> _Input data_:
--------------------
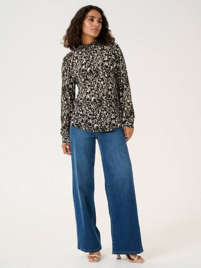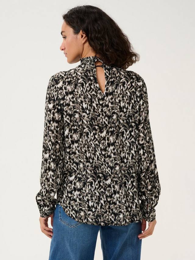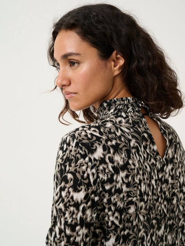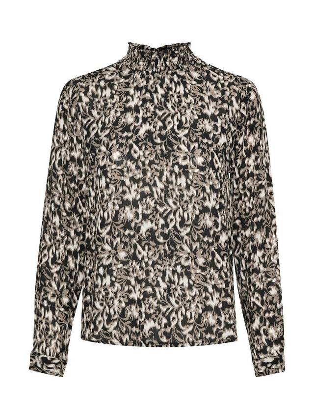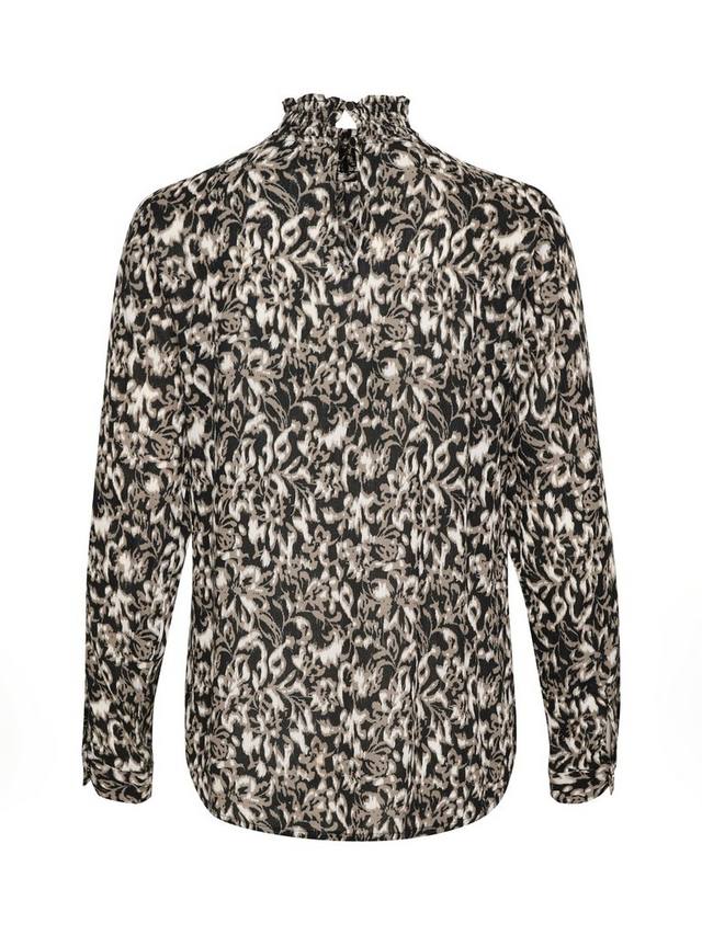 Янтарная блузка представляет собой напечатанный топ с высоким воротником-стойкой. Горловина застегивается на две пуговицы сзади, а снизу — вырез-замочная скважина. Рукава длинные и свободные, собраны в манжету на пуговицах. Блузка имеет классический крой и подходит для любого случая.
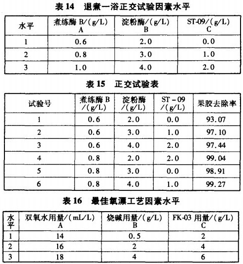 根據表l5得出,對于果膠去除率來說,其影響因素依次為:淀粉酶用量>ST-09用量>煮練酶用量;最佳工藝為:煮練酶用量1.0g/L,淀粉酶用量3.0g/L,ST-09用量1.0g/L,pH值8.5。
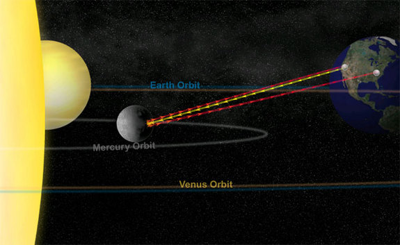 NASA's Mercury Messenger probe captured this historic image of Mercury, 12 Attachment(s) The first spacecraft ever to circle Mercury has beamed home the first-ever photo taken of the small rocky planet from orbit, showing a stark landscape peppered with craters. NASA's Messenger spacecraft snapped the new Mercury photo today (March 29) at 5:20 a.m. EDT (0920 GMT). The photo shows the stark gray landscape of southern Mercury, a view that is dominated by a huge impact crater NASA's Mercury Messenger probe captured this historic image of Mercury, the first ever obtained from a spacecraft in orbit about the solar system's innermost planet. The photo was taken on Tuesday (March 29) "This image is the first ever obtained from a spacecraft in orbit about the solar system's innermost planet," Messenger mission scientists explained in a statement. The new Mercury photo shows a region around the south pole of Mercury. A 53-mile (85-kilometer) wide crater called Debussy clearly stands out in the upper right of the image, with bright rays emanating from its center. A smaller crater called Matabei, which is 15 miles (24 km) wide and is known for its "unusual dark rays," is also visible in the image to the west of the Debussy crater, mission managers explained. The new Mercury photo was posted to the Messenger mission website managed by the Johns Hopkins University Applied Physics Laboratory, which is overseeing the flight for NASA. The photo is the first of 363 snapshots Messenger took during six hours of observations around Mercury. The images are expected to cover previously unseen areas of Mercury, terrain that was missed by Messenger during three previous flybys before it entered orbit. Messenger arrived at Mercury on March 17, more than 6 1/2 years after its launch from Earth. The spacecraft paused in its Mercury photo reconnaissance work just long enough to beam the new images back to Earth, mission managers said. "The Messenger team is currently looking over the newly returned data, which are still continuing to come down," Messenger mission scientists said. NASA plans to hold a teleconference with reporters on Wednesday to review the latest Mercury discoveries by the Messenger probe. The spacecraft's name is short for the bulky moniker MErcury Surface, Space ENvironment, GEochemistry, and Ranging. The $446 million Messenger probe is expected to spend at least one Earth year studying Mercury from orbit. The spacecraft is in an extremely elliptical orbit that brings it within 124 miles (200 kilometers) of Mercury at the closest point and retreats to more than 9,300 miles (15,000 km) away at the farthest point. The primary science mission phase will begin on April 4, when Messenger will start mapping the entire surface of Mercury, a process that is expected to require around 75,000 images. Scientists hope the spacecraft will help answer longstanding mysteries over the planet's geology, formation and history. While Messenger is the first mission ever to orbit around Mercury, it is not the first spacecraft to visit the planet. NASA's Mariner 10 spacecraft flew by the planet three times in the mid-1970s. |
--------------------
> _Required action_: Print the material above verbatim except the pictures.

> _Finished task_:
 Янтарная блузка представляет собой напечатанный топ с высоким воротником-стойкой. Горловина застегивается на две пуговицы сзади, а снизу — вырез-замочная скважина. Рукава длинные и свободные, собраны в манжету на пуговицах. Блузка имеет классический крой и подходит для любого случая.
 根據表l5得出,對于果膠去除率來說,其影響因素依次為:淀粉酶用量>ST-09用量>煮練酶用量;最佳工藝為:煮練酶用量1.0g/L,淀粉酶用量3.0g/L,ST-09用量1.0g/L,pH值8.5。
 NASA's Mercury Messenger probe captured this historic image of Mercury, 12 Attachment(s) The first spacecraft ever to circle Mercury has beamed home the first-ever photo taken of the small rocky planet from orbit, showing a stark landscape peppered with craters. NASA's Messenger spacecraft snapped the new Mercury photo today (March 29) at 5:20 a.m. EDT (0920 GMT). The photo shows the stark gray landscape of southern Mercury, a view that is dominated by a huge impact crater NASA's Mercury Messenger probe captured this historic image of Mercury, the first ever obtained from a spacecraft in orbit about the solar system's innermost planet. The photo was taken on Tuesday (March 29) "This image is the first ever obtained from a spacecraft in orbit about the solar system's innermost planet," Messenger mission scientists explained in a statement. The new Mercury photo shows a region around the south pole of Mercury. A 53-mile (85-kilometer) wide crater called Debussy clearly stands out in the upper right of the image, with bright rays emanating from its center. A smaller crater called Matabei, which is 15 miles (24 km) wide and is known for its "unusual dark rays," is also visible in the image to the west of the Debussy crater, mission managers explained. The new Mercury photo was posted to the Messenger mission website managed by the Johns Hopkins University Applied Physics Laboratory, which is overseeing the flight for NASA. The photo is the first of 363 snapshots Messenger took during six hours of observations around Mercury. The images are expected to cover previously unseen areas of Mercury, terrain that was missed by Messenger during three previous flybys before it entered orbit. Messenger arrived at Mercury on March 17, more than 6 1/2 years after its launch from Earth. The spacecraft paused in its Mercury photo reconnaissance work just long enough to beam the new images back to Earth, mission managers said. "The Messenger team is currently looking over the newly returned data, which are still continuing to come down," Messenger mission scientists said. NASA plans to hold a teleconference with reporters on Wednesday to review the latest Mercury discoveries by the Messenger probe. The spacecraft's name is short for the bulky moniker MErcury Surface, Space ENvironment, GEochemistry, and Ranging. The $446 million Messenger probe is expected to spend at least one Earth year studying Mercury from orbit. The spacecraft is in an extremely elliptical orbit that brings it within 124 miles (200 kilometers) of Mercury at the closest point and retreats to more than 9,300 miles (15,000 km) away at the farthest point. The primary science mission phase will begin on April 4, when Messenger will start mapping the entire surface of Mercury, a process that is expected to require around 75,000 images. Scientists hope the spacecraft will help answer longstanding mysteries over the planet's geology, formation and history. While Messenger is the first mission ever to orbit around Mercury, it is not the first spacecraft to visit the planet. NASA's Mariner 10 spacecraft flew by the planet three times in the mid-1970s. |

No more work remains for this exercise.